“Study Finds Broad Wariness Over Online Tracking” is the headline The New York Times put on its story about the results of a new survey by researchers at the Berkeley Center for Law and Technology. “Study Finds Broad Ignorance Over Online Tracking” would have worked just as well.
A poll of 1,203 adults demonstrated three things.
- Americans DON'T like the idea that marketers are collecting data about their online behavior and shopping habits.
- Americans DON'T have the foggiest understanding of how their data is being collected and what can be done to limit that collection.
- Americans ARE confused about what they actually want.
Anyone trying to gauge Americans’ feelings about tracking quickly runs into the ignorance problem. What can you really learn by asking people how they feel about something they didn’t know anything about until you asked them about it?
Since only 13 percent of survey participants had ever heard of the Do Not Track initiative, the Berkeley researchers were forced to resort to a hypothetical: What do you think choosing an option that calls itself “Do Not Track” ought to entail? Here’s how they answered.

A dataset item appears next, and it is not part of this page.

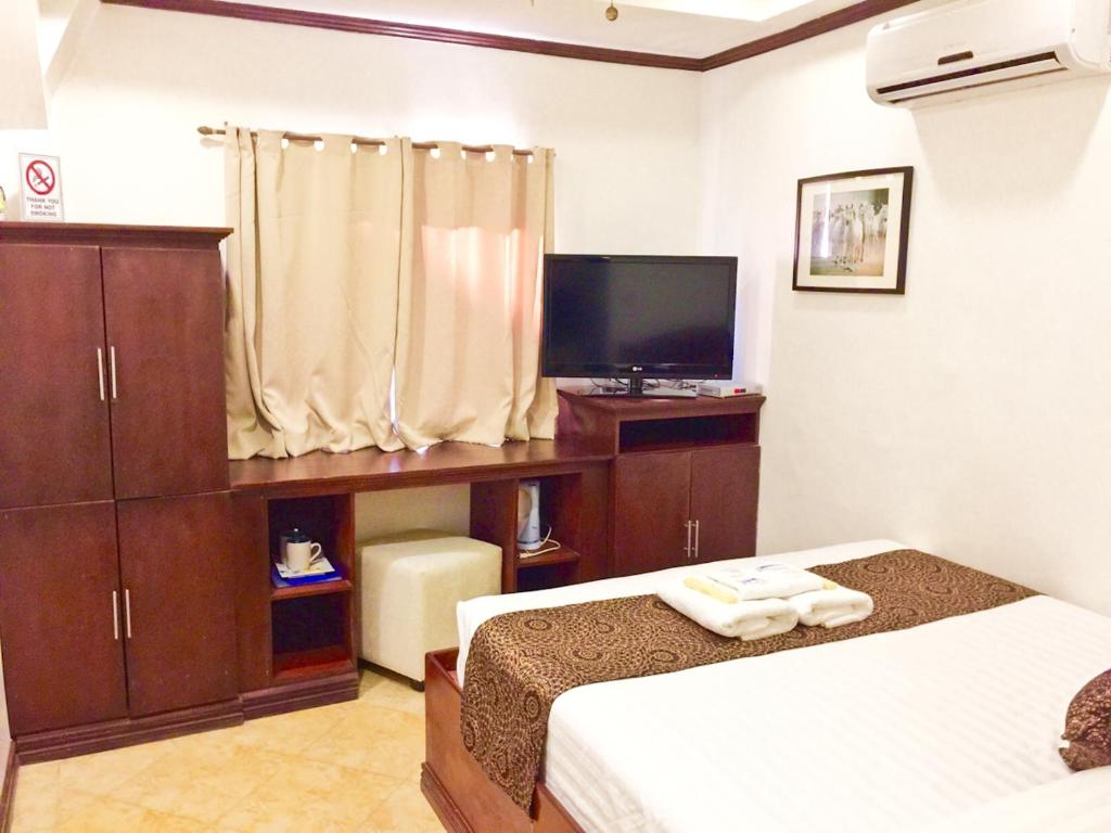 Had our stay in Room 8, Standard room. All the listed room facilities were actually included. Not so big room if you have kids with you, but since kids 0-12 yo are free of charge, it still above average. Good sleeping capacity is 2 adults and 1 petite child. They have TV with many cable channels, mini ref which works so well. Cabinets and hangers. Aircon is good! Malamig. They also have ceiling fan which we don't use since aircon alone is chilling. Every floor has water dispenser, you can get free drinking water. They provided 3 towels, shampoo at soap. CR is clean with bidet. Water heater is working. Hotel location is near bars which based from other comment makes noise during 2am. But we don't experience the noise, maybe because we went there during weekdays. They have parking but limited. Parking has access to emergency exit which is accessible from our room. The 2 receptionists, the one from the day we checked-in and the other one when we were checking out were polite and not snobbish. However, some staff were. I encountered a few staffs early morning since they were cleaning and changing beddings, I smiled and greeted them but none of them responded. 🤣 Don't forget to bring cash because you need to desposit 1k upon checking in, but will return it to you upon checking the room. Smooth transaction overall. Thanks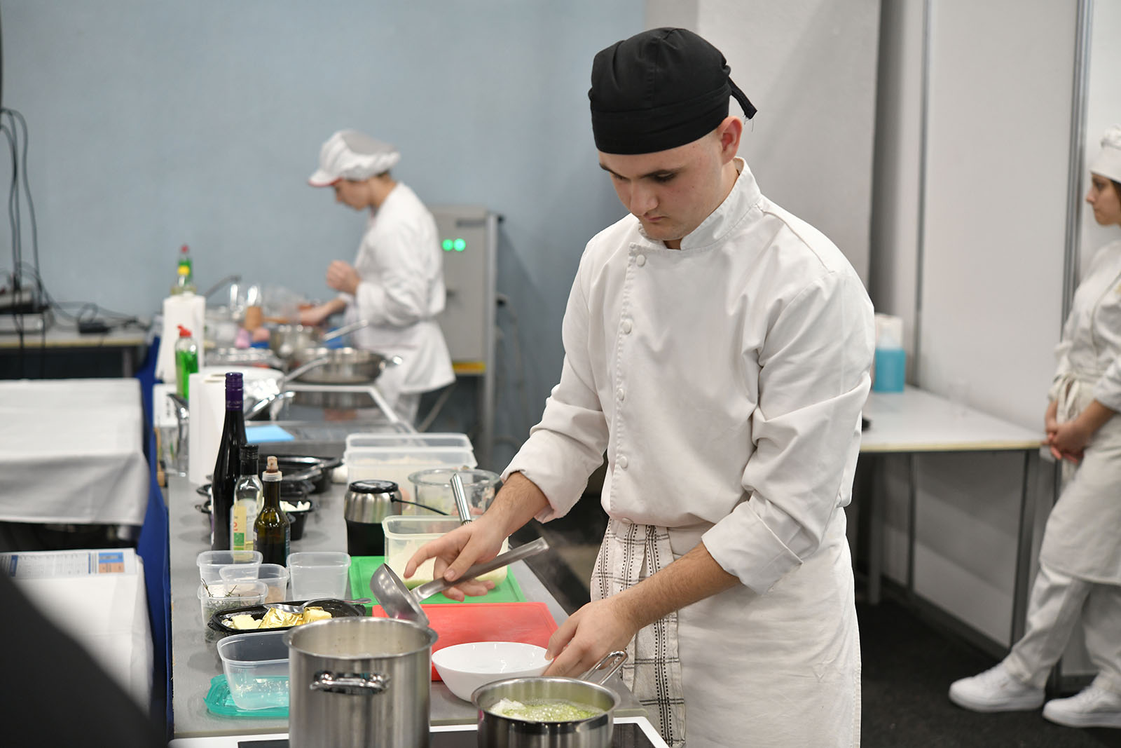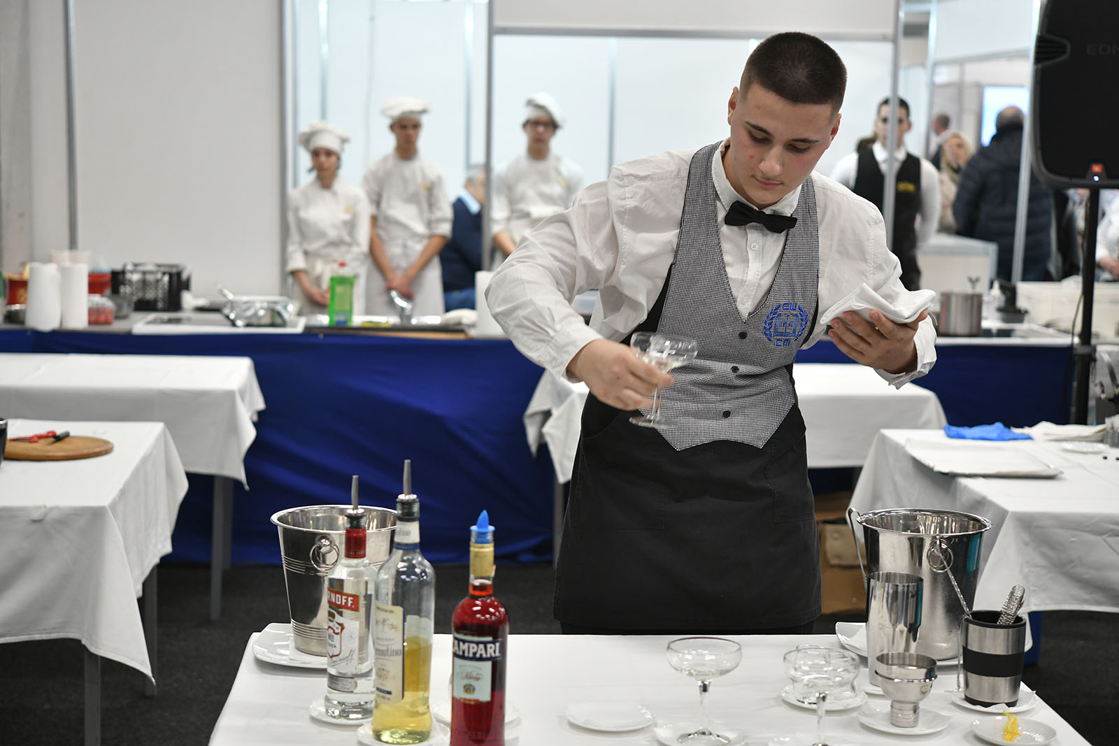 Đaci i profesionalci iz ugostiteljstva i turizma nadmeću se na 35. zboru pod kupolom Novosadskog sajma, demonstrirajući znanje, veštine i savremene trendove. Šta mladi ljudi koji su za budući poziv izrabrali ugostiteljstvo i turizam uče, znaju i primenjuju u praksi vidljivo je pod kupolom Novosadskog sajma gde se, u okviru 35. zbora ugostiteljskiih i turističkih radnika Srbije, odvija takmičenje đaka nekoliko srednjih škola koje obrazuju taj kadar, a nadmetanju su se pridružili i profesionalci. Po rečima profesora ugostiteljstva u Srednjoj školi „Svetozar Miletić“ Zorana Okulića, takmičenje se odvija u nekoliko kategorija, a učestvuje šest ekipa, odnosno 40 takmičara. - Oni pokazuju svoje znanje i umeće u oblastima kuvarstva, usluživanja, barskog poslovanja, recepcijskog poslovanja i karvinga – rekao je Okulić. – Nadmeću se učenici škola iz Novog Sada, Beograda, Šapca i Čajetine, a tu su i takmičari iz Hotela „Putnik“ u Novom Sadu i Restorana „Miročanac“ iz Miroča. Na prostoru gde se takmičenje odvija juče je bilo veoma živo i svi posetioci, ali i znalci u ovom poslu, mogli su da se uvere da budućnost u ugostiteljstvu i turizmu obećava, a to je i cilj ovog nadmetanja - da se prate najnoviji trendovi u ovim oblastima. Učenici-takmičari su, vođeni iskustvom svojih profesora, zainteresovanoj publici i žiriju pokazali šta umeju, a tako će, sigurno je, biti i danas kada se takmičenje završava i kada će biti poznati najbolji. Prethodna vest POČEO 56. MEĐUNARODNI SAJAM TURIZMA - "Turizam nije obaveza već uživanje" Sledeća vest Veliki šampionski pehari za najbolje

When they can be bothered to think about, then, most people feel like they should have the option to choose not to have any of their online behaviors monitored in any way, even though that’s not remotely what current Do Not Track proposals seek to provide. (Nor, need it be said, is the capacity to opt out of internet advertising altogether.)
But for the most part they can’t be bothered to think about it. Maybe that’s because so many of them are laboring under the false belief that they’re being tracked far less than they are. Asked whether advertisers must first obtain an internet user’s permission before tracking them across multiple sites, a plurality of respondents believed that to be the case.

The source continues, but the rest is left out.